►
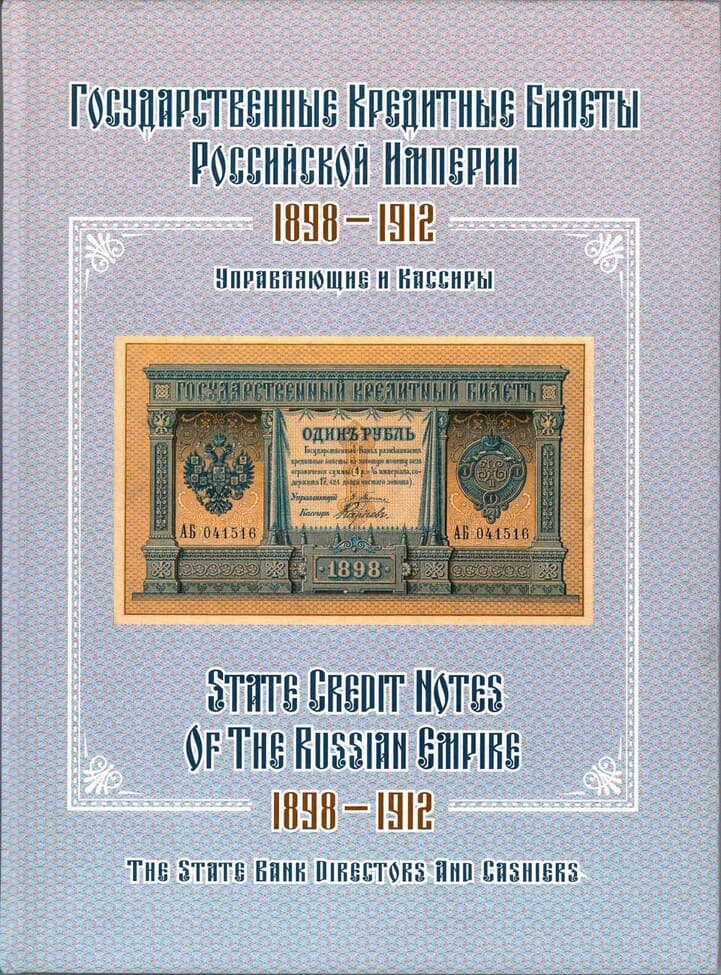 СПБ, 2007 г. Издание содержит образцы подписей управляющих государственного банка и кассиров на государственных кредитных билетах Российской империи образцов 1898–1912 гг. Данные систематизированы по подписям управляющих и кассиров. Огромное по полноте знаний исследование, первая попытка подобной систематизации.
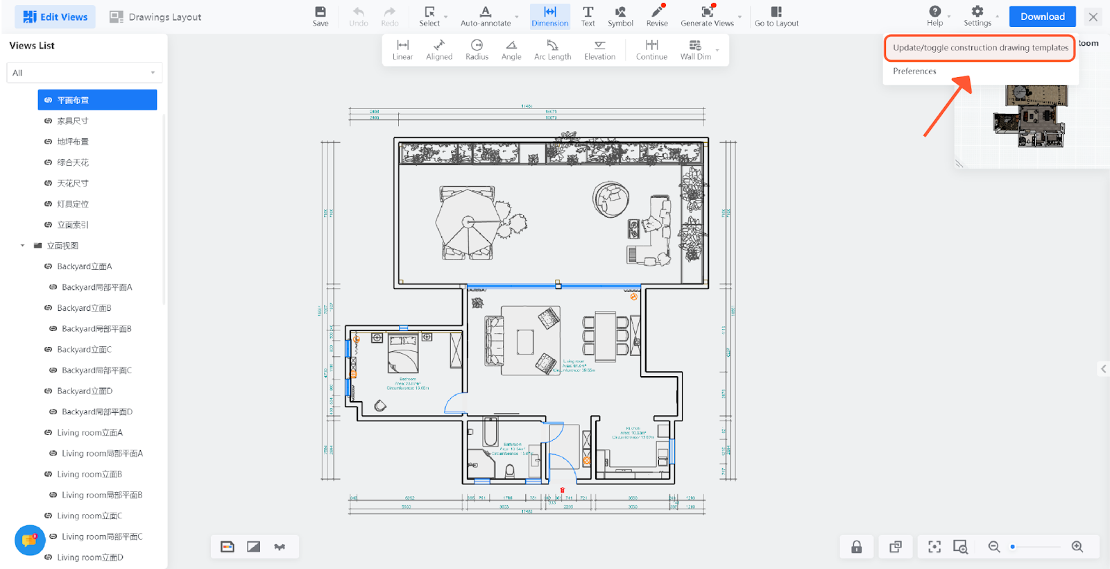 First, confirm that you have placed models. If so, it may be because the scheme was created earlier. You need to click the "Synchronize System Configuration" button (some vendors may have "Update/Switch Construction Drawing Template" instead) in the "Settings" module at the top right corner of the construction drawing page to update. If you have placed legends, please refer to question six: "I placed legends in 'Layout', but they are not displayed in 'Construction Drawing'. What should I do?"
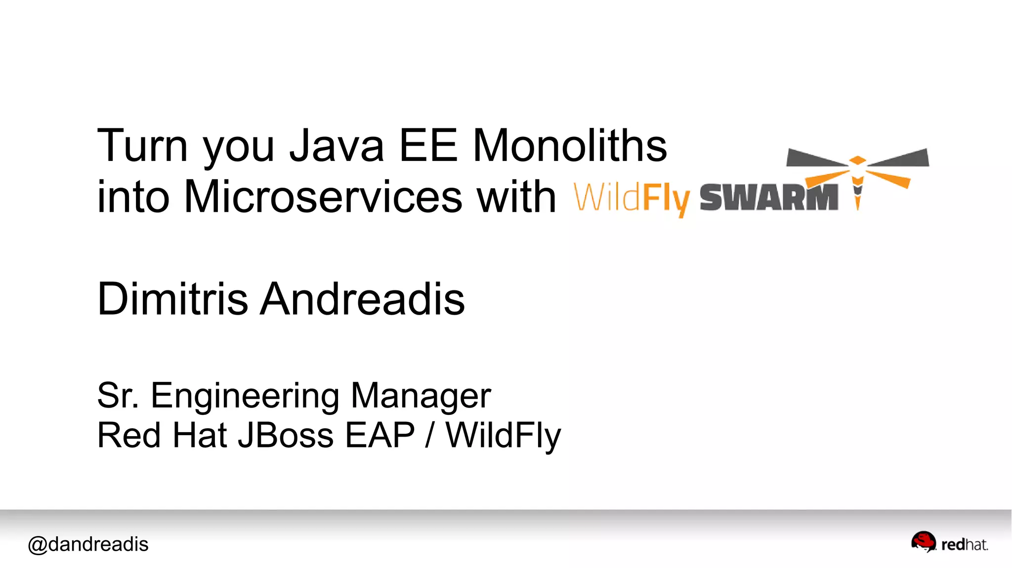 This document provides an overview and introduction to WildFly Swarm, which allows developers to decompose a WildFly application server into smaller components called "fractions" to right-size the runtime for microservices. It discusses concepts like fractions, how to get started with a basic WildFly Swarm application, and advanced configuration options. The presentation encourages leveraging existing Java EE expertise while building on mature technologies to develop microservices.
◄
• _WORK INSTRUCTIONS_
Write out each line of the data exactly; the images should be left out.

• _ANSWER_
 СПБ, 2007 г. Издание содержит образцы подписей управляющих государственного банка и кассиров на государственных кредитных билетах Российской империи образцов 1898–1912 гг. Данные систематизированы по подписям управляющих и кассиров. Огромное по полноте знаний исследование, первая попытка подобной систематизации.
 First, confirm that you have placed models. If so, it may be because the scheme was created earlier. You need to click the "Synchronize System Configuration" button (some vendors may have "Update/Switch Construction Drawing Template" instead) in the "Settings" module at the top right corner of the construction drawing page to update. If you have placed legends, please refer to question six: "I placed legends in 'Layout', but they are not displayed in 'Construction Drawing'. What should I do?"
 This document provides an overview and introduction to WildFly Swarm, which allows developers to decompose a WildFly application server into smaller components called "fractions" to right-size the runtime for microservices. It discusses concepts like fractions, how to get started with a basic WildFly Swarm application, and advanced configuration options. The presentation encourages leveraging existing Java EE expertise while building on mature technologies to develop microservices.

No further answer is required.